------ PROVIDED DATA
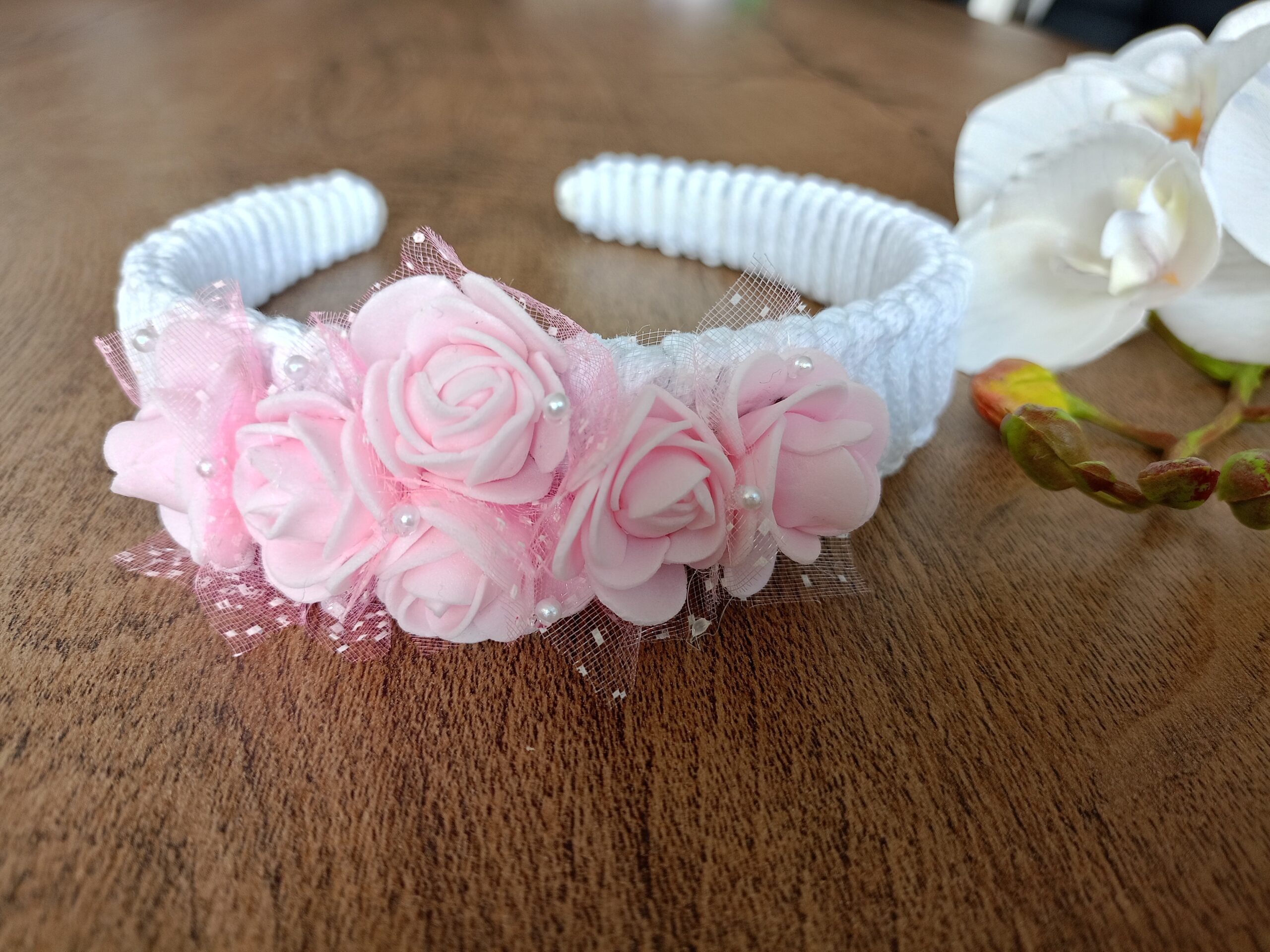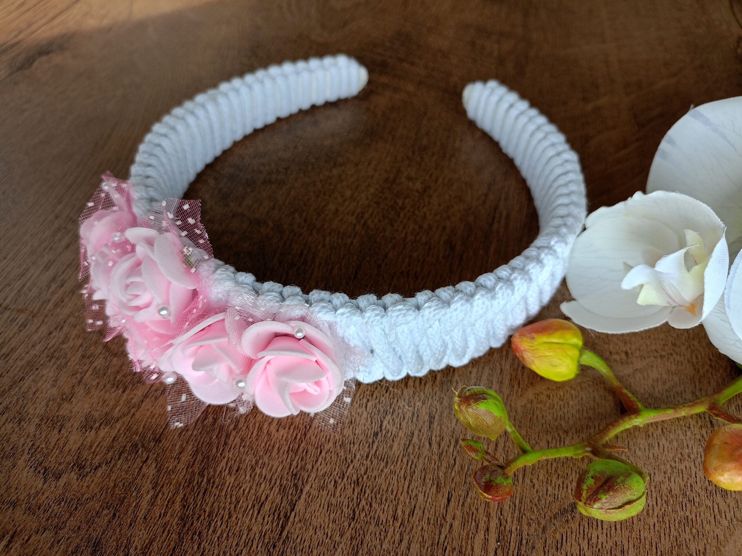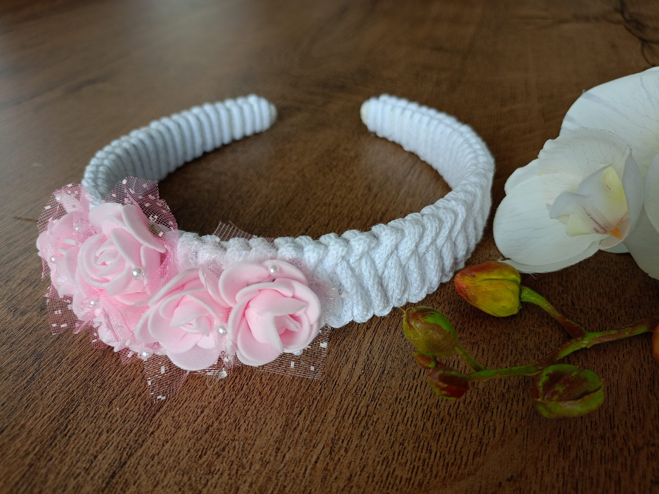 • materiały wysokiej jakości: dekoracja – kwiaty wykonano  z delikatnej w dotyku lecz trwałej pianki, otoczone tiulem, delikatnie ozdobione drobnymi białymi perełkami. Opaska – wykonana ze sznurka bawełnianego, który tworzy elegancki wzór.
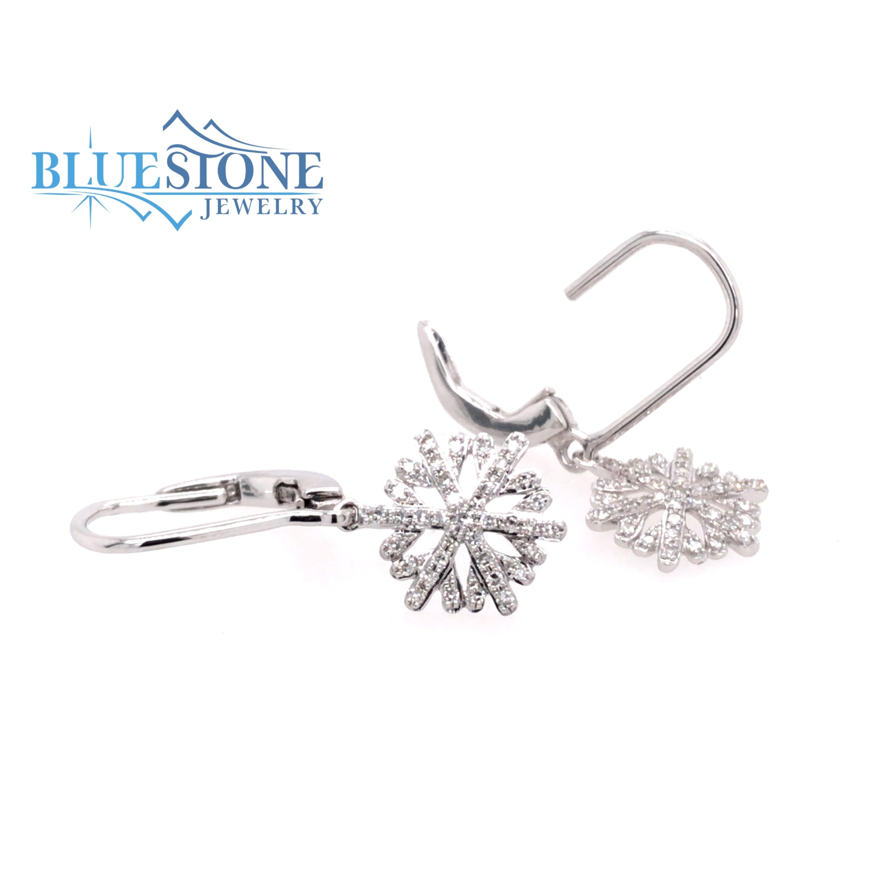 14 Karat White Gold Lever-back Snowflake Earrings with 0.18 Carats Total Weight of Round G Si1 Diamonds.
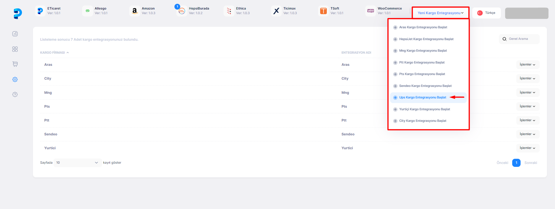 Ups Kargo entegrasyonu ekranı için sol menüden Tanımlamalar > Kargo Entegrasyonları butonuna tıklanır. Açılan sayfada sağ üst kısımda bulunan Yeni Kargo Entegrasyonu butonu altında Ups Kargo Entegrasyonu Başlat butonuna tıklanır.
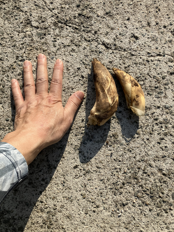 我が家の竹林ですが、先週あたりから、早出のタケノコが食い荒らされています。
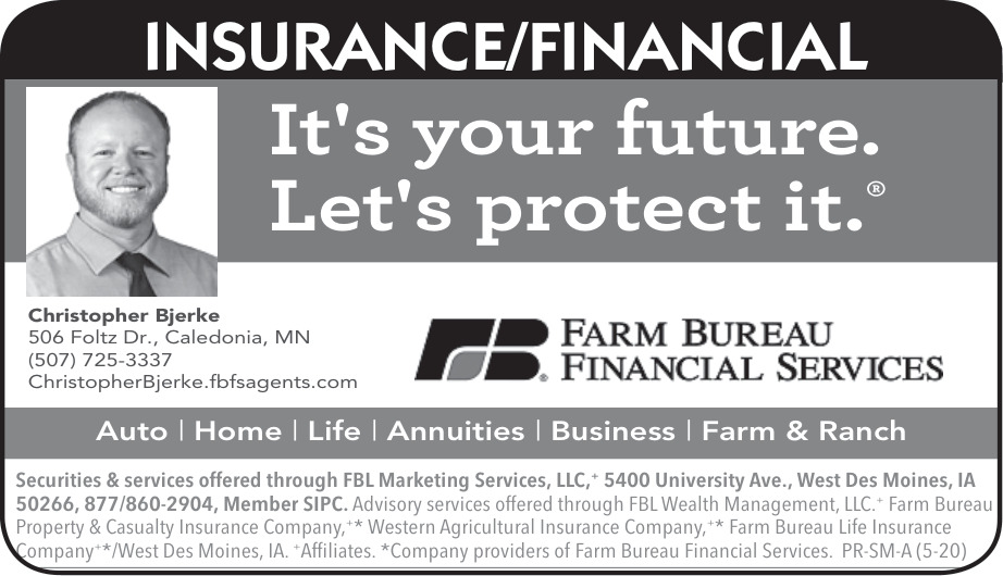 Feb 25, 2026. Farm Bureau Financial Services - Christopher Bjerke Insurance Ads from Caledonia Argus
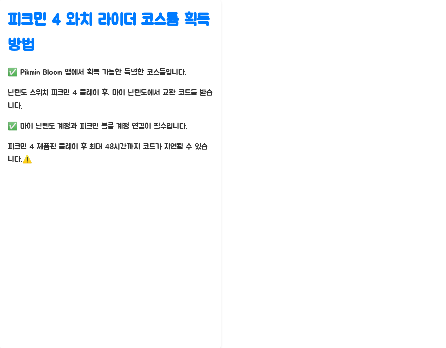 피크민 4 와치 라이더 코스튬 획득 방법
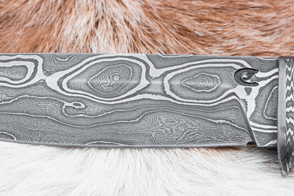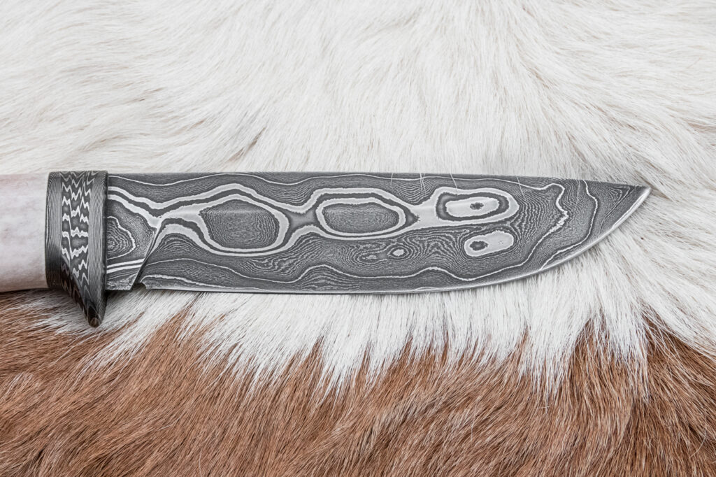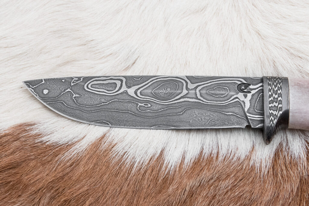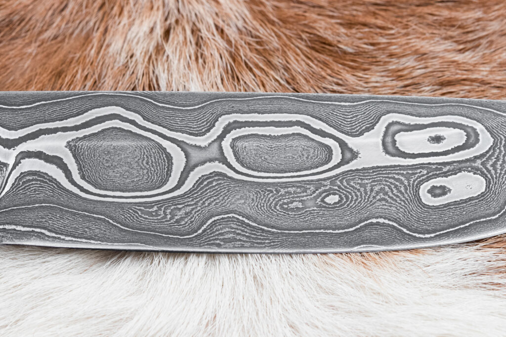 Čepel o délce 125 mm, vyrobená ze 400 vrstev překládané damaškové oceli (19312 a 75ni8), zajišťuje výjimečnou ostrost, pevnost a dlouhou životnost. Povrch čepele zdobí jednotlivé vrstvy kování damašku, která dodává noži jedinečný a neopakovatelný vzhled inspirovaný tradičními kovářskými technikami.
------------
* TRY IT
Your reply should hold only the lines from the one that contains "Feb 25, 2026." through the last line of the records above, exact and complete, and no pictures.

* SOLUTION TO THIS PROBLEM
 Feb 25, 2026. Farm Bureau Financial Services - Christopher Bjerke Insurance Ads from Caledonia Argus
 피크민 4 와치 라이더 코스튬 획득 방법
 Čepel o délce 125 mm, vyrobená ze 400 vrstev překládané damaškové oceli (19312 a 75ni8), zajišťuje výjimečnou ostrost, pevnost a dlouhou životnost. Povrch čepele zdobí jednotlivé vrstvy kování damašku, která dodává noži jedinečný a neopakovatelný vzhled inspirovaný tradičními kovářskými technikami.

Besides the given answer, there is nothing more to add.